Erciş’te Azeri dilinin hâkimiyetinden dolayı, dil sorunundan da bahseder hoca. “Ölü ölmüş” sözüyle karşılaşınca: “ölü ölür mü? Bir ölüyü öldürmek işkence olur” dermiş. “Biri ölmüş” demeniz lazım diye tavsiyede bulunurmuş öğrencilerine. Bunun yanında “toprak” yerine “torpak”, “öğretmen” yerine “örgetmen”, “üniversite” yerine de ünveriste” derlermiş -hala da kullanılıyor bu tür söylemler-. Hoca bir edebiyatçı olarak onlarla uğraşmanın doğal görevi olduğunu söylüyor. Bundan hiç de gocunmamış.

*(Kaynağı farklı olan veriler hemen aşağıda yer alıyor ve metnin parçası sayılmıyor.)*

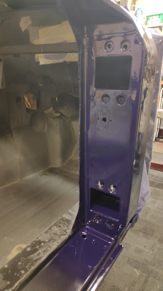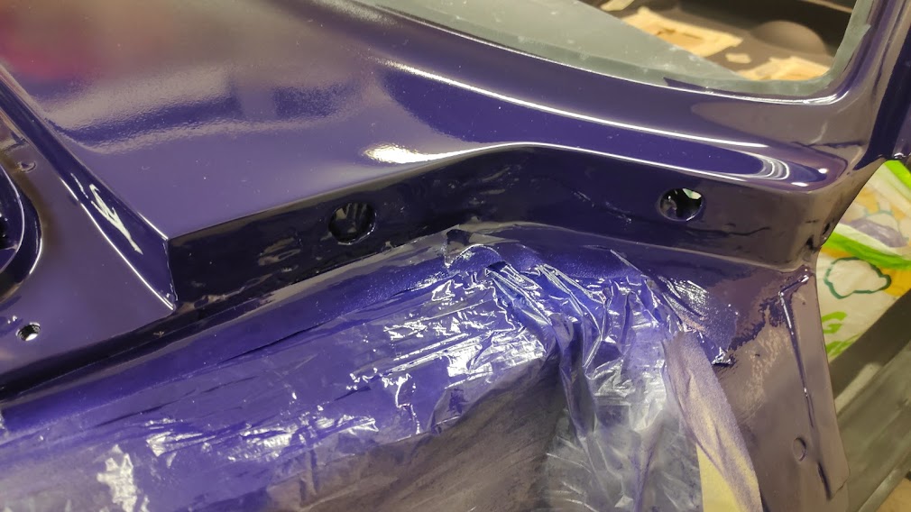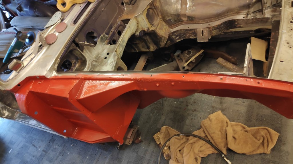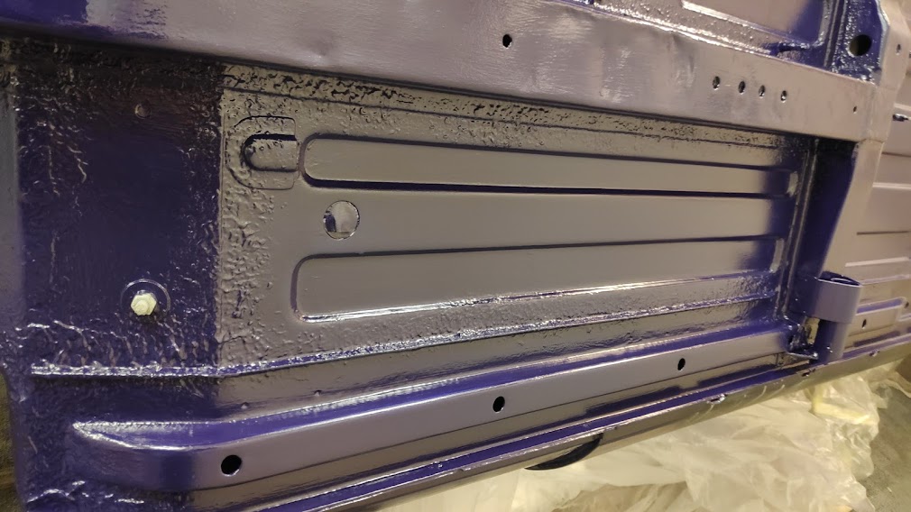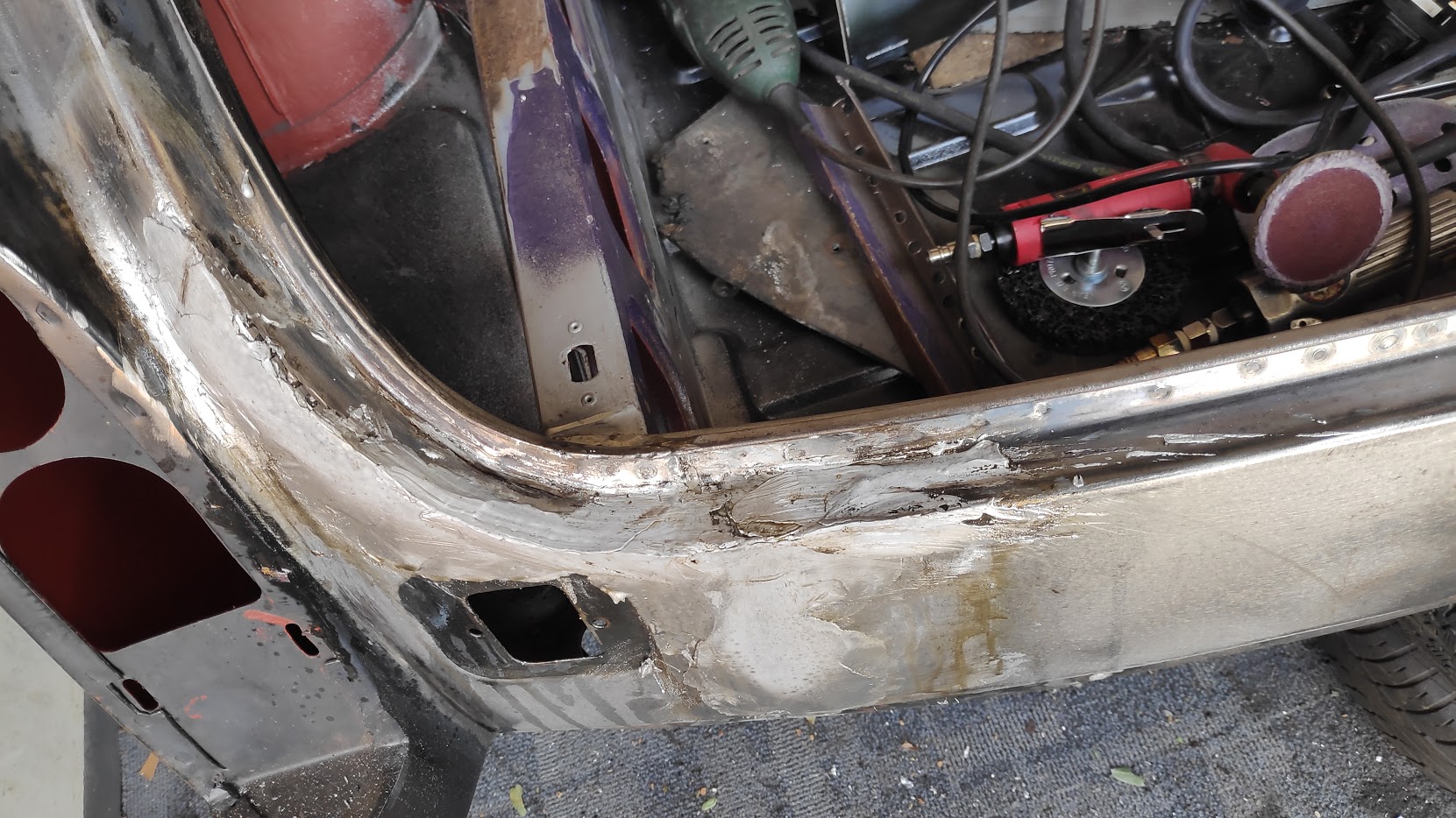 With a good grind and wire brush applied a coat of epoxy sealer to all the inner sections and rear wing internals and trial fitted the rear wing and door. Much better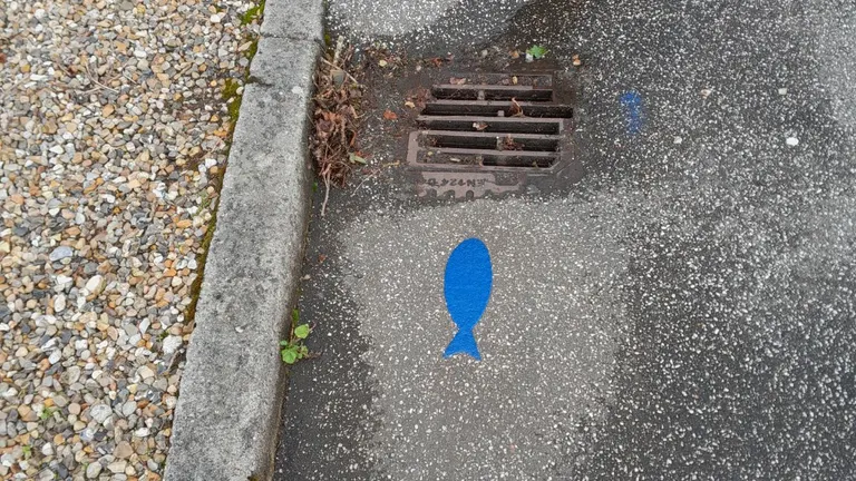 De blå fisk findes ved de riste, som løber direkte ud i naturen.

Hoca birkaç eski öğrencisinin de adını sıralamış. Aradan onca yıl geçmesine rağmen yetmiş bir öğrenciyi hatırlamış ve mektubundan dinleyelim: “Beş yıl boyunca yüzlerce öğrencim olmuştu. Yetmiş bir sayısı şöyle: Sanırım 2004 yılıydı. Evde otururken içime Erciş düşmüştü. Önümde telefon numaralarının yazılı olduğu telefon defteri vardı. Arka sayfası boştu. Aklıma gelen eski öğrencilerimin (Ercişli) adlarını yazmaya başlamıştım. Saydım; 71 adı anımsayabilmiştim. 38 yıl sonra… Oysa Eskişehir’de de çalışmıştım. Yüzlerce öğrencim olmuştu. Toplam üç kişinin adı aklımda…” diyor. Bunları Günaltay Hoca’dan dinledikten sonra hocanın neden “Tekirdağ- Ercişliyim” dediğini şimdi daha iyi algılıyorum.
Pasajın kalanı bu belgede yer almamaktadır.